The OSCAR Revolution
“Serve no whine before its time” is a bad pun attributed to Rob Pennington of NCSA at the very first OSCAR meeting, held in April 2000 at a hotel a stone's throw from Oak Ridge National Lab. A varied cast representing the national labs, academia and industry was assembled to discuss what was known at the time as the CCDK (Community Cluster Development Kit), which would morph into the OCG (Open Cluster Group) and their first project, OSCAR (the Open Source Cluster Application Resource).
The cast had broken clusters down into components and had assigned “czars” (leaders) and “whiners” (interested parties) for each component. The czars were to lead each component group, and the whiners were to whine loudly and often enough to make sure things got done on schedule, meeting the group's requirements. From that very first meeting when the czars and whiners were named, it was clear that OSCAR development would be different from all other software development that had gone before. After all, where else would one find companies like IBM, Dell, SGI and Intel working closely together to produce open solutions in a hotly contested space like clustering?

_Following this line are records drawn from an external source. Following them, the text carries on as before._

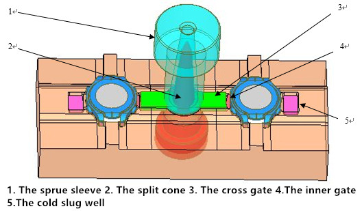 In the formula, d3 is the diameter of the split cone at the bottom of the sprue, mm; L is the length, and is from 50 to 70mm. Take 60mm as the length, and d1 is the diameter of the entrance. d3 is 18mm calculated by the formula (4) and the large end diameter of the sprue sleeve is d2=d3+2h=18+2X2.5=23mm. The cross-section of cross gates with a single cavity is rectangular, and the size is 15mm×5mm. The cross-sectional area of single cavity F is 0.75cm2, and the cross-sectional area of two cavities F is 1.50cm2. The calculated cross-sectional area of the single cavity inner gate F is 0.31cm2, and the cross-sectional area of the two cavities F is within 0.62cm2. The actual cross-sectional ratio after optimization is calculated to be 1.61:1.50:0.62=2.60:2.42:1. The designed gating system is shown below.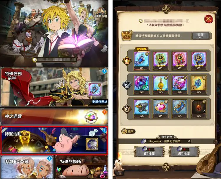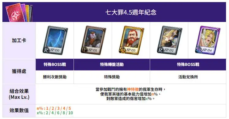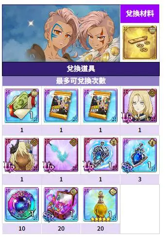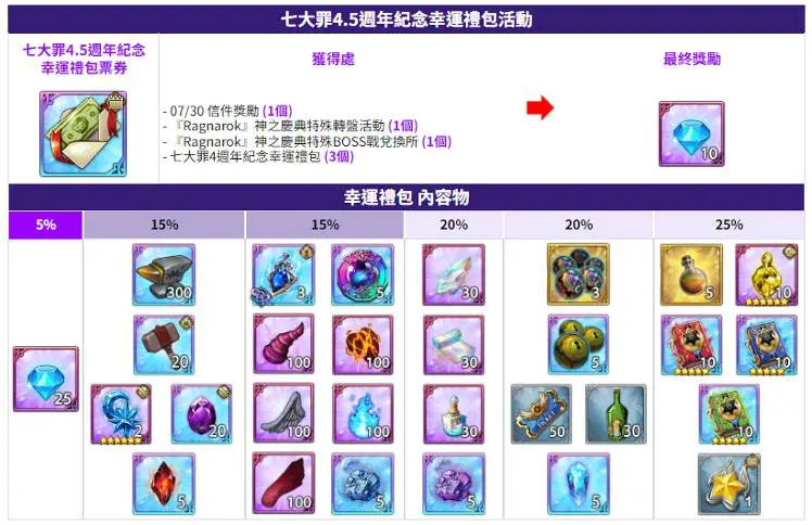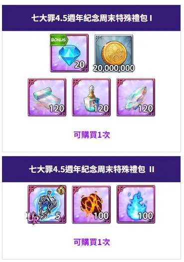 ※ 透過遊玩各種活動與購買禮包,最多可以獲得6張七大罪4.5週年紀念幸運禮包票券。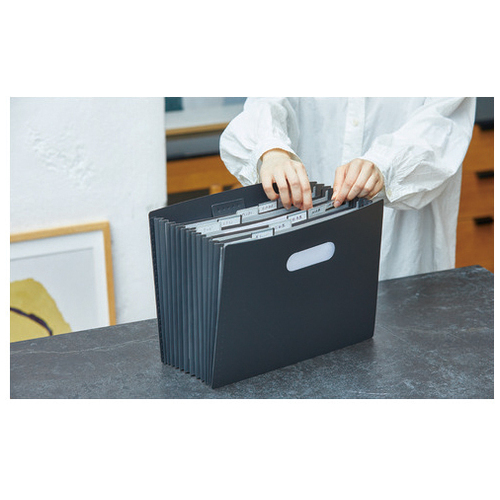 整理収納アドバイザーのプロ集団「おうちデトックス社」監修の厚手の材質でガバッと開いて自立するドキュメントファイル。交互カラーの仕切りで書類へのアクセス性◎。用途にあわせて選べるフタ付きタイプとオープンタイプの2種展開。(オープンタイプ)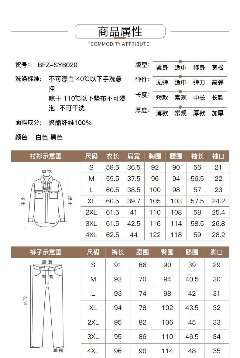 色:SY8020ホワイトシャツ(ワンピース),SY8020ブラックシャツ(ワンピース),SY8020白シャツ+B015黒パンツツーピーススーツ,SY8020黒シャツ+B016黒パンツツーピーススーツ

The original idea for OSCAR came about over dinner at a DOE-sponsored cluster meeting at Argonne National Lab, where Dr. Timothy Mattson, a research scientist at Intel, and Dr. Stephen Scott, a research scientist at Oak Ridge National Lab, discussed the problem of getting Linux clusters accepted into the mainstream. The problem, they decided, was that it was just too difficult for noncomputer programmers to assemble their own cluster. Books like How to Build a Beowulf (Sterling, et. al.) would help the computer savvy understand the concepts and construct his or her first cluster, but there were still daunting problems. There was an enormous amount of code to download, all at differing levels of reliability, support, integration and documentation. Sometimes the documentation for various packages was dated and contradictory. There were many Linux distributions to choose from, each trying to distinguish themselves by being slightly different from the next distribution. This meant that some commands worked differently or that different packages had to be installed to get a service to work properly.

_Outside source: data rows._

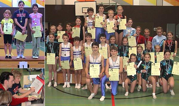TVE ermittelte seine besten Turnerinnen und Turner Links oben einige Erstplatzierte des Allgemeinturnens, links unten das EDV-Team bei der Auswertung, rechts die erfolgreichen Turnerinnen und Turner der Fördergruppen. (Fotos:C.Richter)(cr) Sportliche Leistungen und turnerische Vielfalt zeigten gestern rund 160 Mädchen und Jungen in Eberbach. Der Turnverein 1846 Eberbach hatte die aktiven Turnerinnen und Turner zu den Vereinsmeisterschaften 2006 in die Ittertalsporthalle eingeladen. In den Jahrgangsklassen 1993 bis 2000 traten die Kinder des Allgemeinturnens und der Fördergruppe an, um an den Geräten und am Boden ihre Leistungen mit ihren Turnkameraden zu messen. Zahlreiche ehrenamtliche Helfer des Turnvereins waren im Einsatz, um diese Veranstaltung reibungslos durchzuführen. "Hart, aber gerecht" seien die Wertungen für der einzelnen Turner erfolgt, betonten die Kampfrichter, die von 14 Uhr bis 18 Uhr in der Halle die Übungen begutachteten. Dank der elektronischen Datenverarbeitung konnten die Teilnehmer schnell ihre Ergebnisse erfahren. Alle Aktiven erhielten Urkunden, die Erstplatzierten Medaillen, einige sogar Pokale.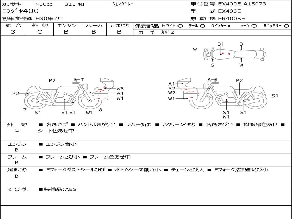 | Номер рамы / VIN | EX400E-A15073 |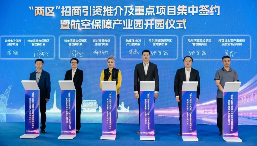 “兩區”管委會領導分別對哈爾濱綜合保稅區與哈爾濱臨空經濟區重點園區、營商環境、產業政策等特色優勢作招商推介,誠邀五湖四海的客商朋友來“兩區”投資興業、共商發展,吸引和促進優質資源和高端要素匯聚“兩區”。哈爾濱臨空經濟區航空保障產業園在全體來賓的見證下正式啟動,該園總建筑面積12萬平方米,總投資5.6億元,重點發展航空總部經濟、航空制造產業、航空物流產業、臨空制造產業以及航空服務、航空食品等產業,致力打造為哈爾濱臨空經濟區發展現代制造業的新名片,成為國內知名的航空保障產業集群。
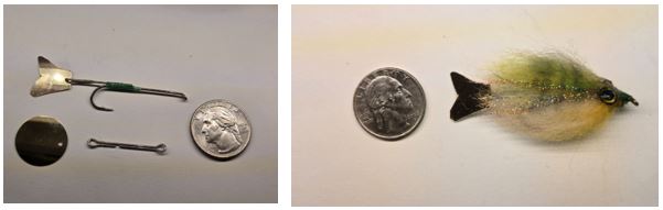 I like to use “non-traditional” materials to get new/different looks to some of my favorite patterns. I use 3/4” flat sequins for this pattern. I cut the sequin to the shape of a fish’s tail, then I attach it to the hook shank with a 30mm long Gamechanger link. I cut off the closed-loop end of the link and tie it to the hook shank, leaving enough room to give the tail plenty of action. Then, I slip the tail on the open end of the link. This allows me to replace or change the tail in just a few seconds if I want to. Sometimes a little bit of extra action or a bit of flash makes the difference between a strike or a pass. This is a productive pattern for me here in Central Florida, but I suspect that gamefish across all areas would also find it enticing. I call this pattern a Flash Tail for obvious reasons and thought I’d share one of my personal favorite patterns.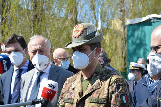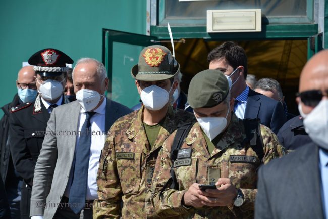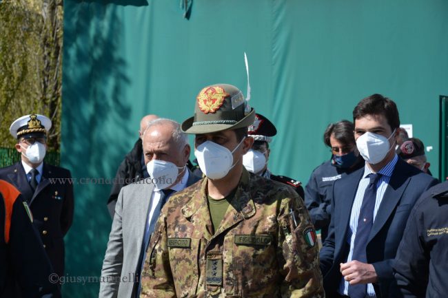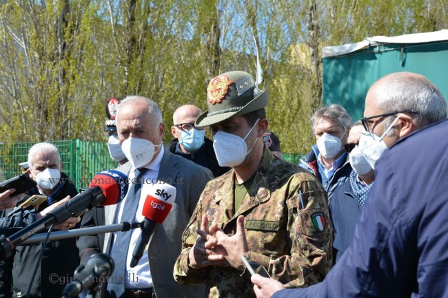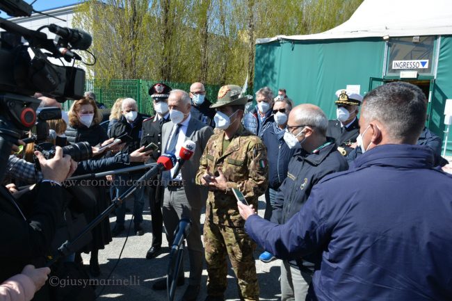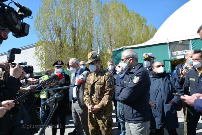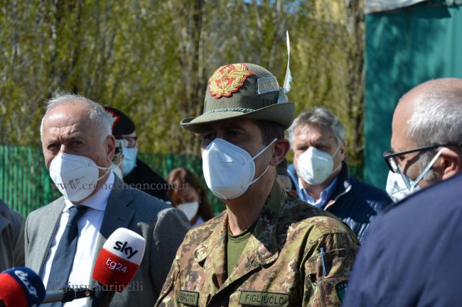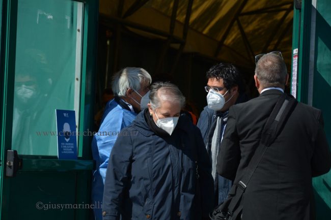 Il faro di Roma puntato sulle Marche. Questa mattina. il generale Francesco Paolo Figliuolo, commissario per l’emergenza Covid, e Fabrizio Curcio, capo della Protezione civile, hanno prima inaugurato il nuovo punto vaccinale di Piediripa di Macerata, per poi spostarsi nella struttura dorica allestita al Paolinelli. “Tour” che sta ancora proseguendo con una serie di incontri a Palazzo Raffaello per essere aggiornati sull’andamento del piano vaccinale marchigiano. Ad accogliere i vertici della struttura commissariale davanti al Paolinelli, la sindaca Valeria Mancinelli. «Qualcuno può pensare che sia una passerella ma così non è – ha esordito il generale – Con l’ingegner Curcio, capo della Protezione civile, e su invito delle Regioni, vogliamo verificare che i target vengano raggiunti a livello numerico e ci siamo quasi. Dobbiamo arrivare quasi alle 10mila somministrazioni per poi raggiungere a fine mese per le Marche le 15mila. E’ importante vedere anche la qualità della campagna vaccinale e la Regione Marche sta facendo un grande sforzo per gli over80 e i fragili: i numeri parlano. Per gli over 80 siamo a 100.000 dosi inaculate su 130mila, pari al 73% rispetto alla media nazionale del 62-63% . E’ un buon dato ed esorto la Regione Marche come le altre ad andare avanti su queste categorie che hanno la maggiore incidenza ed i maggiori esiti negativi derivanti da questa infida pandemia. Mettiamo in sicurezza gli over 80 e adesso, con Astrazeneca, gli over 60»

The problem, they decided, was that with everyone trying to build their own cluster to tap into cheap cluster computing, each cluster was being built from scratch. There had to be some economy in compiling the best available software, practices and documentation in a single spot, integrating the package on different types of hardware and making it available to users for free (as in free beer). This concept, making clusters easy to build for the nonprogrammer, is a central tenet of OSCAR.
The historic first meeting in Oak Ridge was attended by Tim Mattson and Stephen Scott, the leaders of the OCG; Gabriel Bonner from SGI; Dave Lombard from MSC.Software; Rob Pennington of NCSA; Greg Lindahl, now of Conservative Computers; Ken Briskey and myself from IBM; Greg Astfalk from HP; and Clay Taylor from MPI Software Technologies. Shortly after the first meeting, Broahn Mann from Veridian joined to bring his parallel scheduling skill to the team, as did Jeremy Enos and Neil Gorsuch from NCSA (who implemented SSH on OSCAR) and Mike Brim from Oak Ridge National Lab (who wrote most of the integration scripts and packaging). Most recently, Jeff Squyres and Brian Barrett from Indiana University joined the OSCAR Project representing LAM/MPI. The disparate group agreed on three major core principles:
That the adoption of clusters for mainstream, high-performance computing is inhibited by a lack of well-accepted software stacks that are robust and easy to use by the general user.
That the group embraces the open-source model of software distribution. Anything contributed to the group must be freely distributable, preferably as source code under the Berkeley open-source license.
That the group can accomplish its goals by propagating best-known practices built up through many years of hard work by cluster computing pioneers.
With these principles firmly in place, the group used a divide-and-conquer method to list the components that comprise clusters. The component groups decided on the best-known, open-source solutions for each component and presented the information to the group at large. Taken collectively, these best-known practices for each component comprised a viable cluster solution. Even with the component solutions in hand, there was a massive and time-consuming integration effort by Oak Ridge National Lab, led by Mike Brim and Brian Luethke, and a separate test effort, which was led by Jenwei Hsieh, Tau Leng and Yung-Chin Fang from Dell. Through their efforts, and face-to-face and remote-integration parties, OSCAR eventually morphed into something to share with the rest of the community.